BEGIN Input for this task

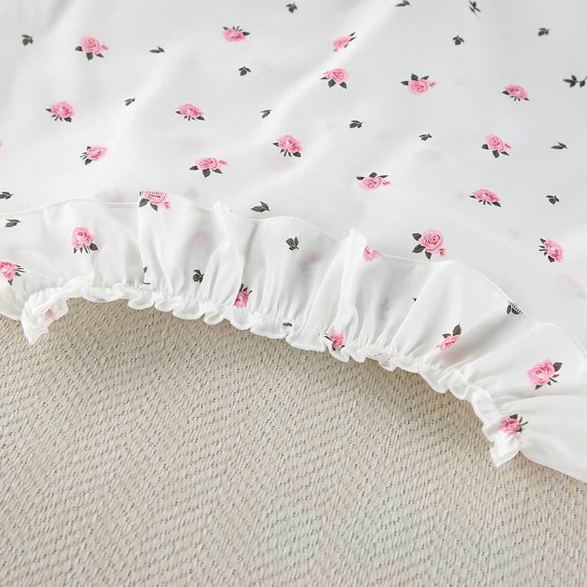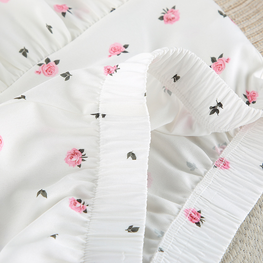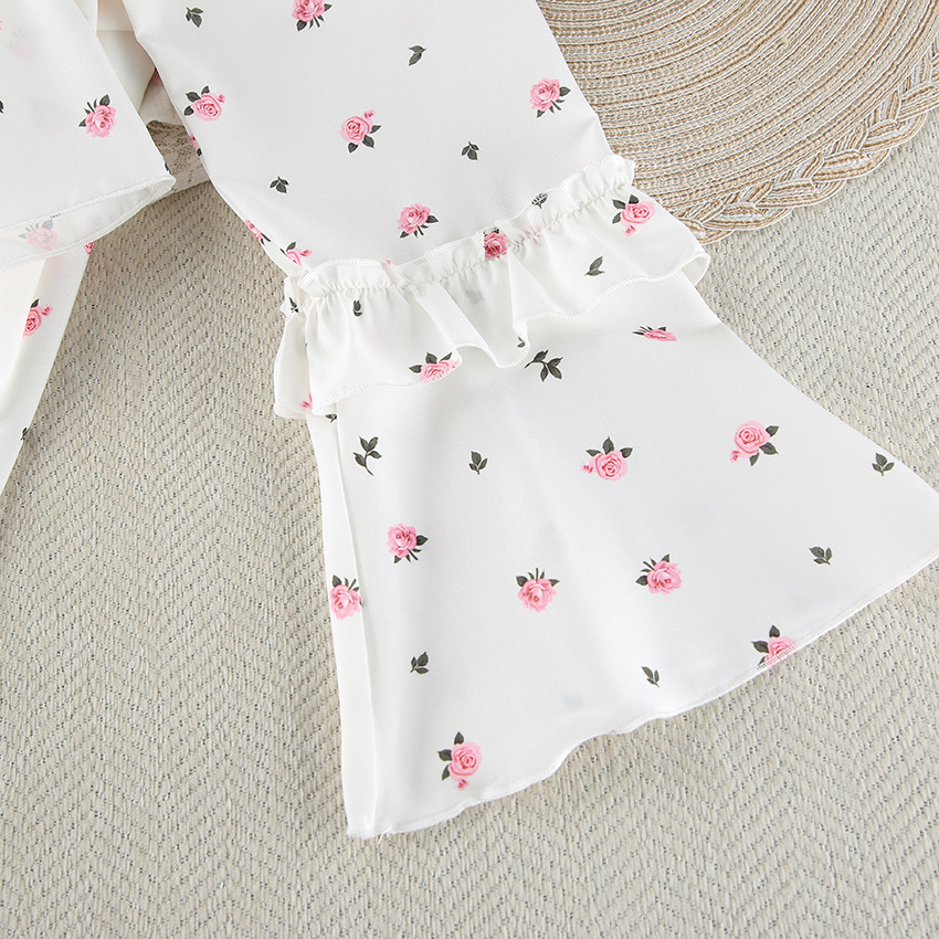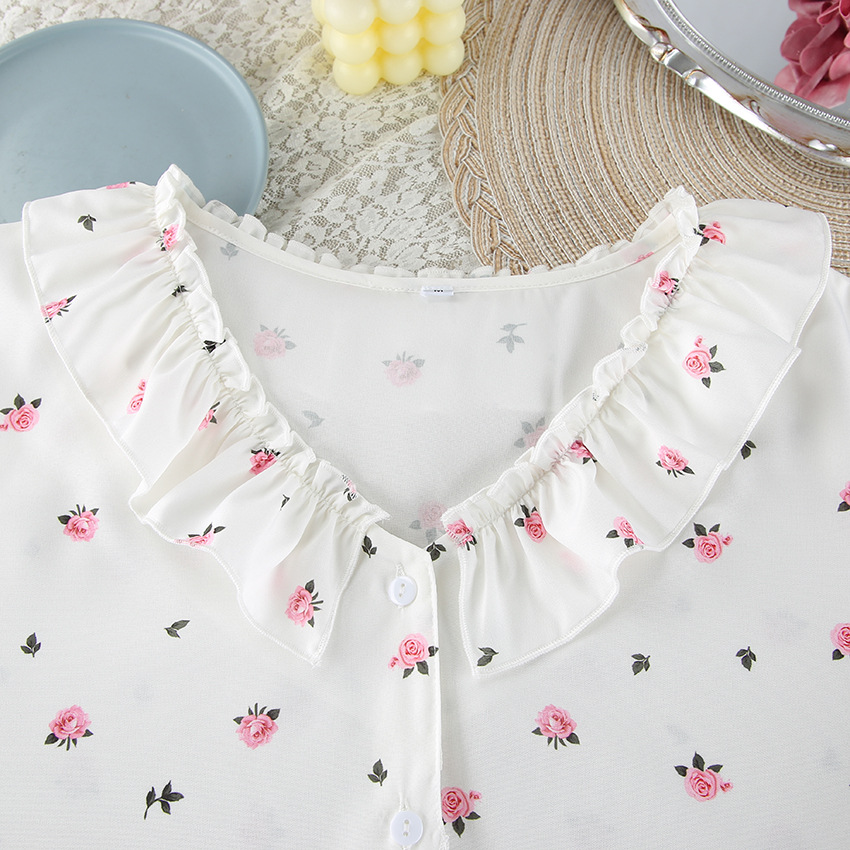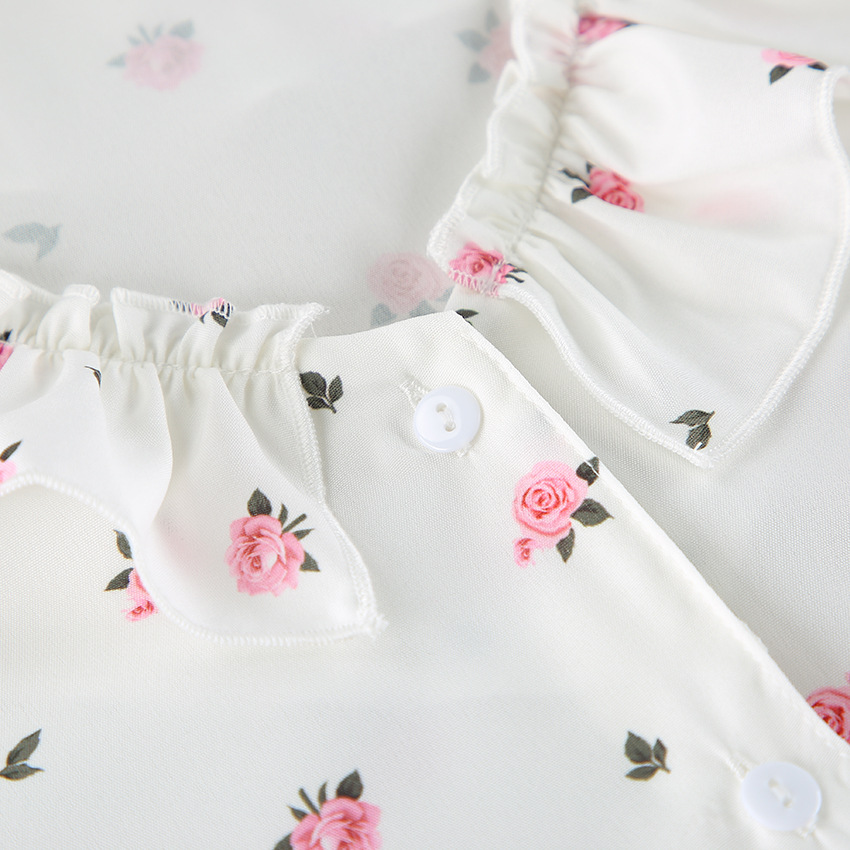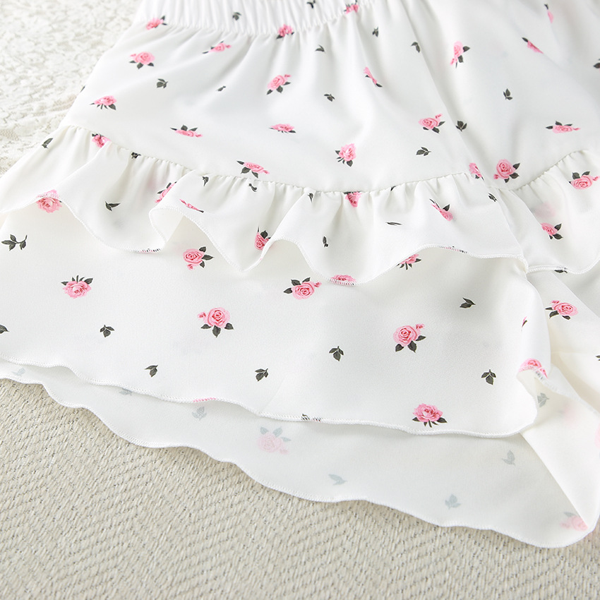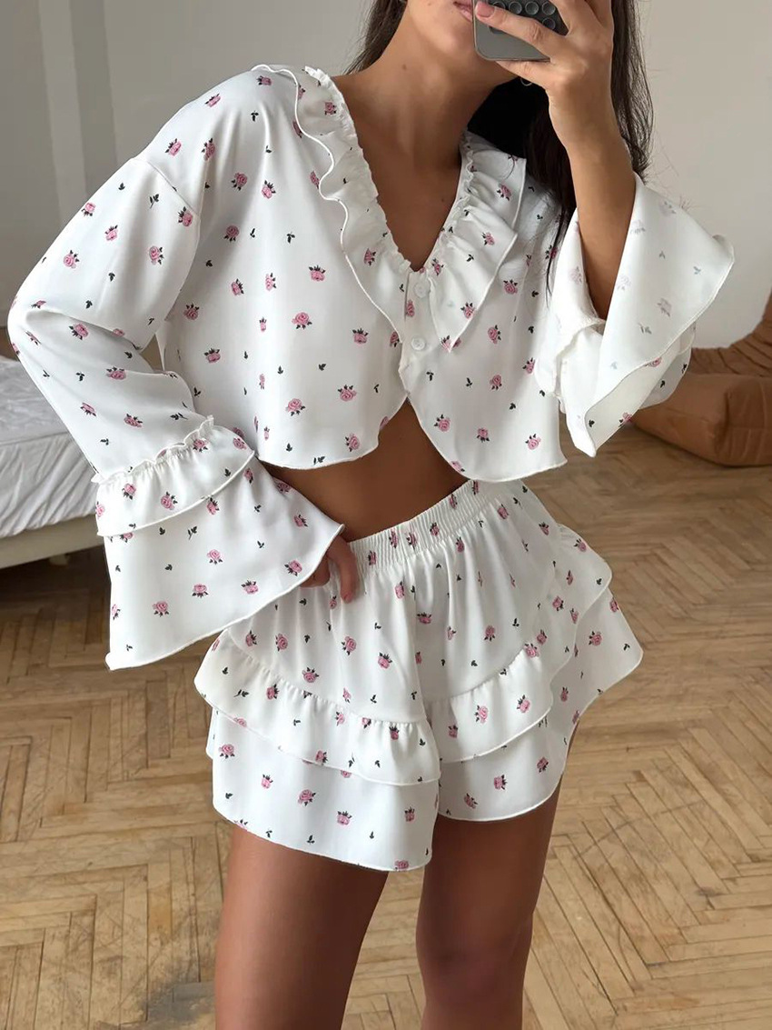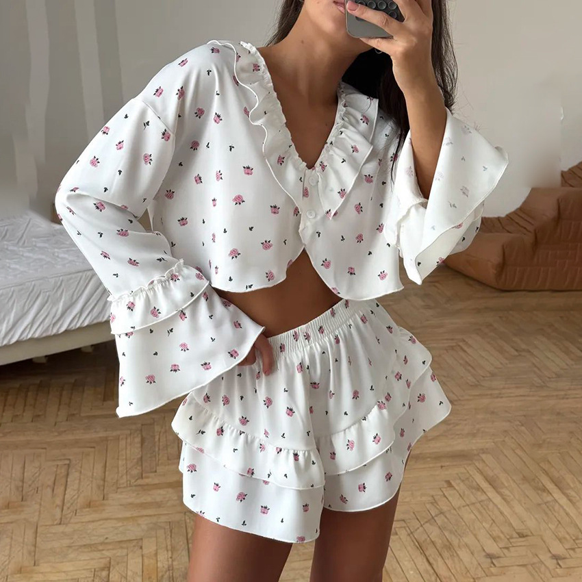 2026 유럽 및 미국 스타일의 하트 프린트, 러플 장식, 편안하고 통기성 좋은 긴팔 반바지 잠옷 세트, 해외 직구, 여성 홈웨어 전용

END Input for this task
BEGIN Input for this task

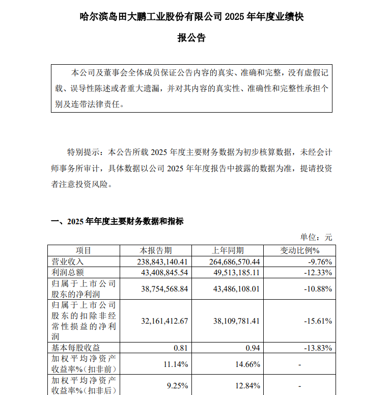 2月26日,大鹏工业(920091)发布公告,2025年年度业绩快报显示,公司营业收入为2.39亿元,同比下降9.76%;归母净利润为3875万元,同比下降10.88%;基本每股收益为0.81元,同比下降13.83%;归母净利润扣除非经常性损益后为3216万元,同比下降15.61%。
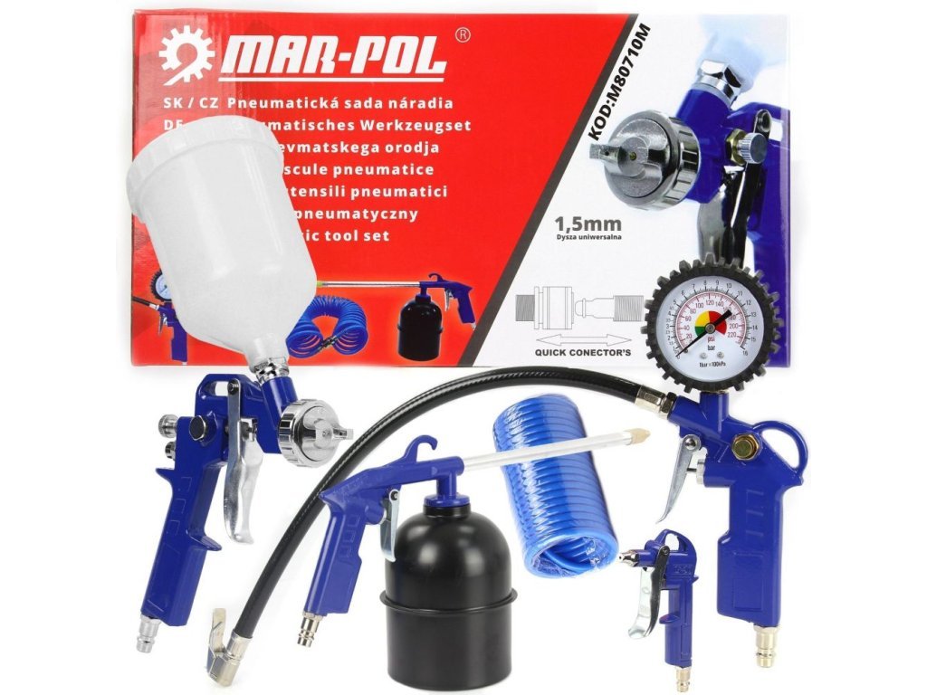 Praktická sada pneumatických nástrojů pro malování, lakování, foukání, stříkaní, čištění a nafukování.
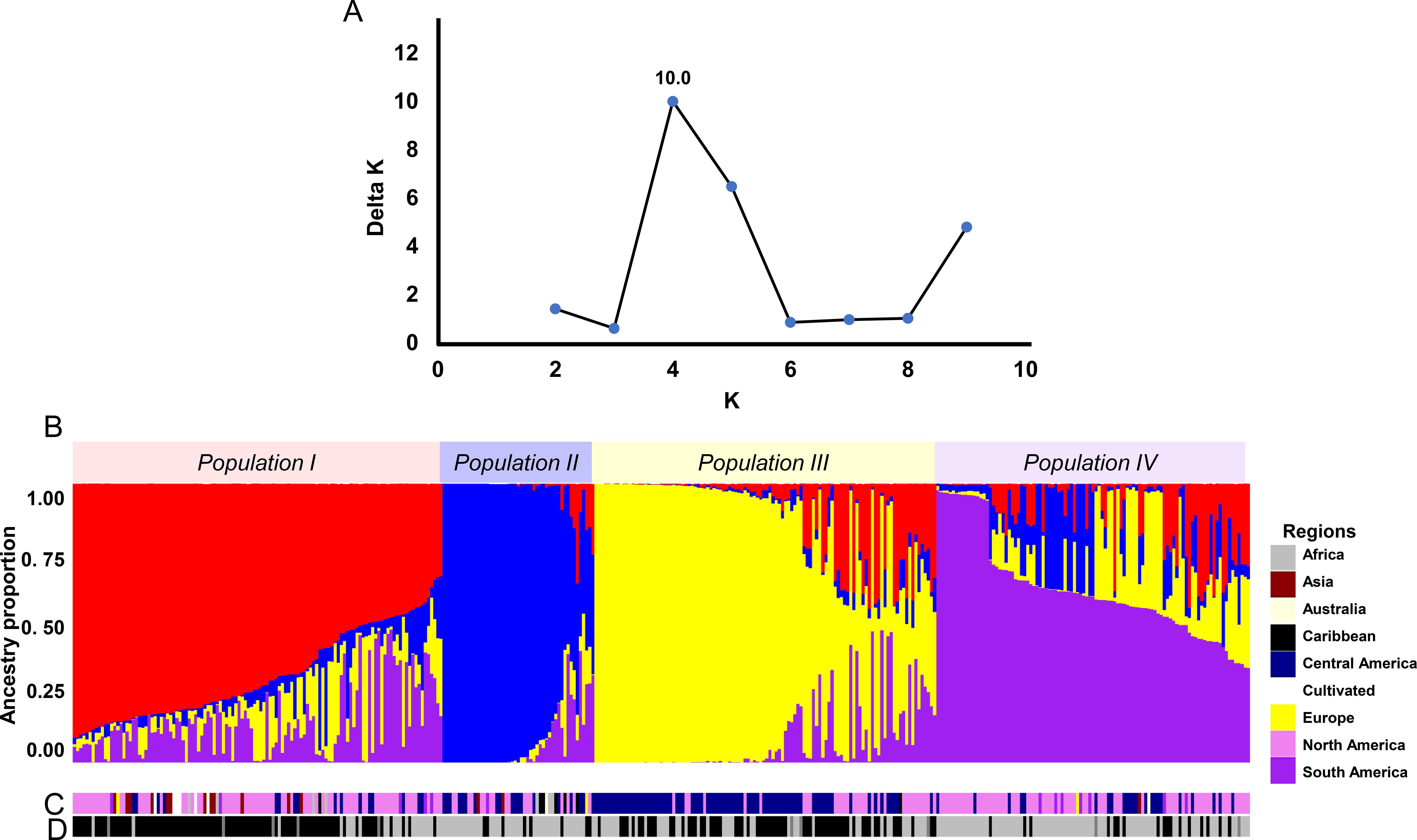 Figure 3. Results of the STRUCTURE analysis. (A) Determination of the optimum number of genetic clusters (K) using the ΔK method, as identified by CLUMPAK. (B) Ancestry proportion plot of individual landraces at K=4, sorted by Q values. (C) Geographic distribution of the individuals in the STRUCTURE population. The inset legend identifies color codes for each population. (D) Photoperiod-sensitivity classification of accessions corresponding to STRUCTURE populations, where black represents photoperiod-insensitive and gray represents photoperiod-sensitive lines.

END Input for this task

_Activity_
Nothing but the lines from the one with "Praktická sada pneumatických" up to and including the one with "Figure 3. Results" should be printed, exactly as they read above. Please keep the pictures out.

_Output_
 Praktická sada pneumatických nástrojů pro malování, lakování, foukání, stříkaní, čištění a nafukování.
 Figure 3. Results of the STRUCTURE analysis. (A) Determination of the optimum number of genetic clusters (K) using the ΔK method, as identified by CLUMPAK. (B) Ancestry proportion plot of individual landraces at K=4, sorted by Q values. (C) Geographic distribution of the individuals in the STRUCTURE population. The inset legend identifies color codes for each population. (D) Photoperiod-sensitivity classification of accessions corresponding to STRUCTURE populations, where black represents photoperiod-insensitive and gray represents photoperiod-sensitive lines.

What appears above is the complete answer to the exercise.